Paul Rose, of Montreal, Quebec, was the leader of the Chenier cell of the Front de Libération du Quebec (FLQ) terrorist group.

In 1963, the FLQ was organized and trained in terrorism by Georges Schoeters, an itinerant Belgian revolutionary, whose hero was Che Guevara. At least two of the FLQ members had also received guerrilla training in selective assassination from Palestinian commandos.

Police mug shot of Paul Rose

From 1963 to 1970, the FLQ committed over 200 violent crimes, including robberies of dynamite, bombings, bank hold-ups and at least three violent deaths by FLQ bombs and two murders by gunfire.

In 1966 a secret eight-page document entitled "Revolutionary Strategy and the Role of the Avant-Garde" was prepared by the FLQ outlining its long term strategy of successive waves of robberies, violence, bombings and kidnappings, culminating in insurrection and revolution.

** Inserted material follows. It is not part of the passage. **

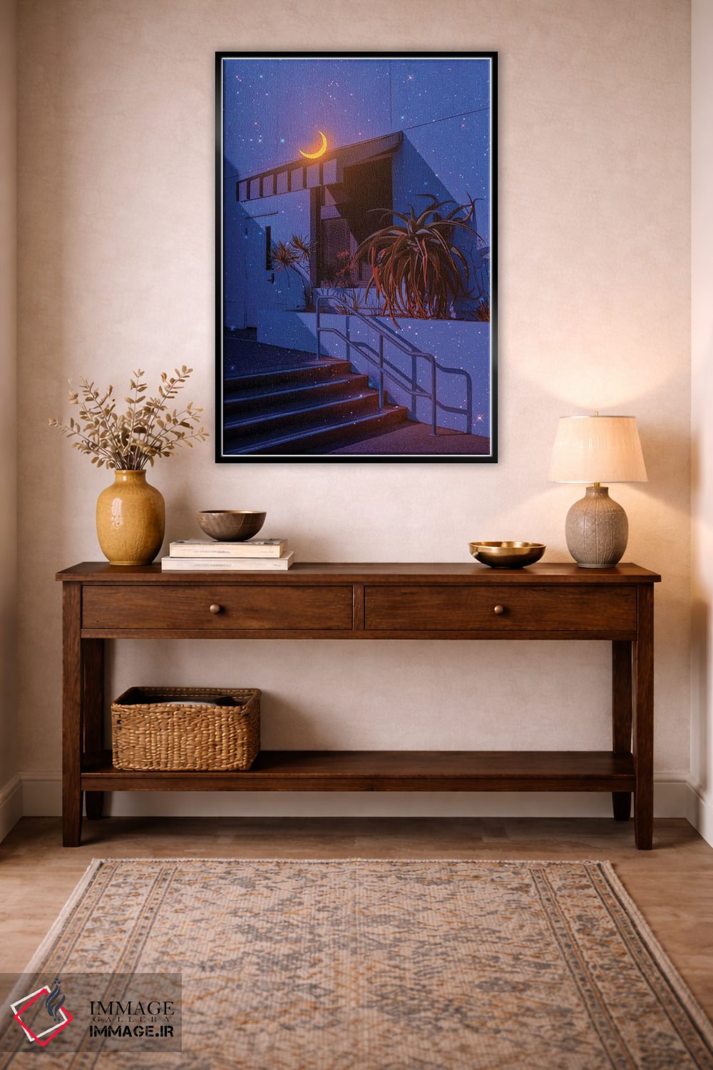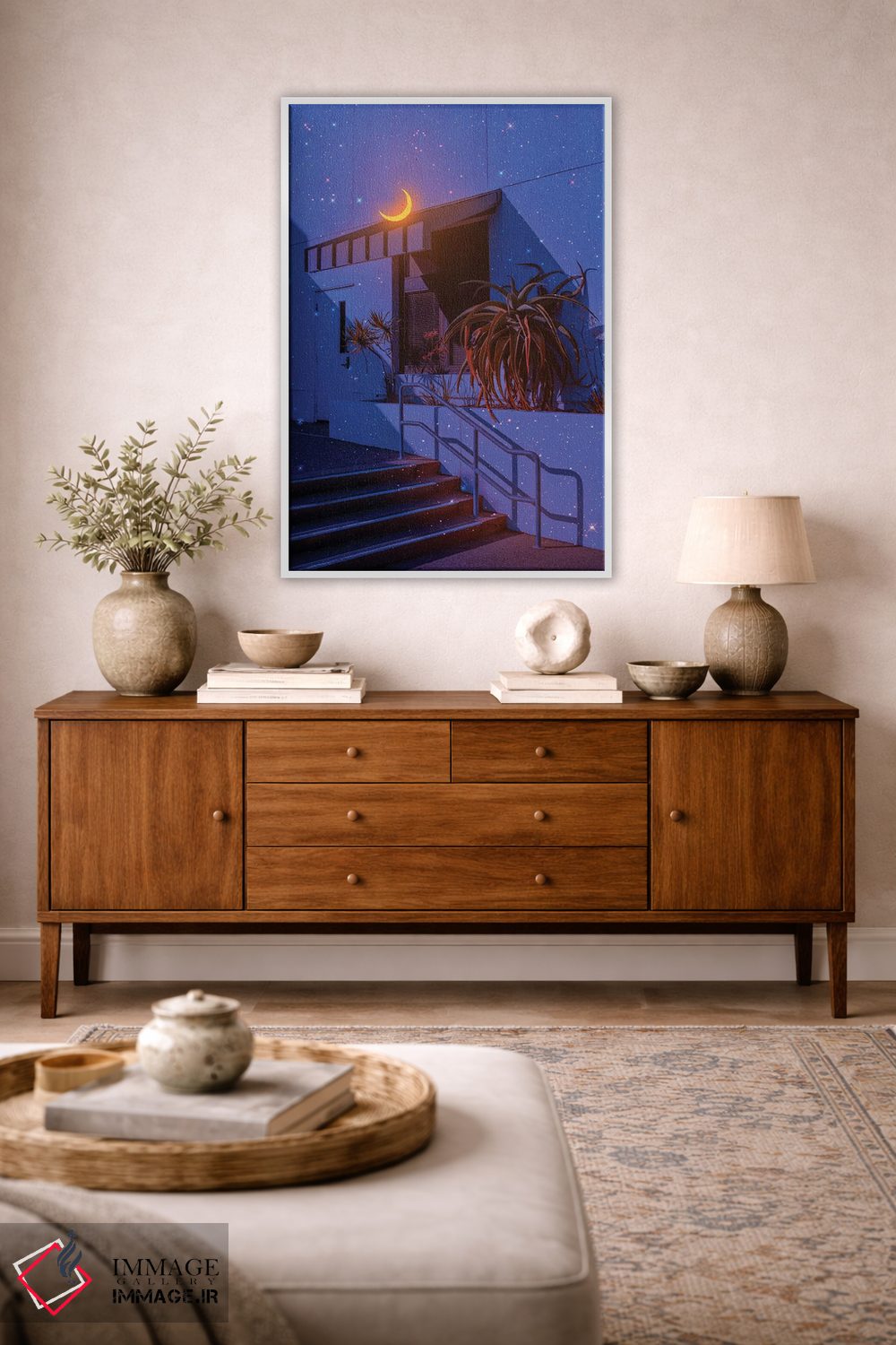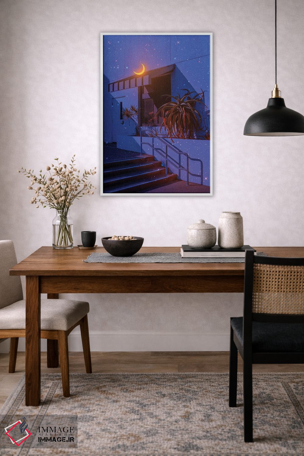 ساختار بوم گالری ایماژ طوری است که اثر روی دیوار «پرداختشده» و حرفهای دیده شود—نه پرزرقوبرقِ بیپایه؛ بلکه دقیق و خوشپرداخت. بافت ظریف کنواس باعث میشود حس اثر هنری را در نگاه نزدیک نگه میدارد بهخصوص وقتی نور موضعی ملایم داشته باشید. در ارائهی آماده نصب، اثر را مرتب و یکدست روی دیوار مینشاند و برای محیطهای رسمیتر هم انتخاب مطمئنی است. حاصل کار، یک تابلو خوشنشین است که هم از دور اثرگذار است و هم از نزدیک خوشخوان؛ و اگر بخواهید، میتوان چیدمان را برای گالریوال هم پیشنهاد داد.

In 1970, Paul Rose's Chenier cell of the terrorism group kidnapped and murdered Quebec Cabinet Minister, Pierre Laporte. Before the end of 1970, twenty-three members of the FLQ were in jail, including four convicted murderers and one member had been killed by his own bomb.

Paul Rose's involvement in the Quebec nationalist group began in 1968 after meeting Jacques Lanctôt, a member of the FLQ, during an anti-Trudeau (Canadian Prime Minister Pierre Elliot Trudeau) rally at the St. Jean Baptiste parade.

The Chenier Cell of the FLQ terrorist group consisted of Paul Rose; his brother, Jacques Rose; Bernard Lortie; and Francis Simard.

On March 31, 1971, Paul Rose was sentenced to life imprisonment for the murder of Pierre Laporte. He was granted full parole on December 20, 1982 and today lives in Quebec, advocating Quebec separation from Canada. He became a leader of the "Parti de la democratie socialiste."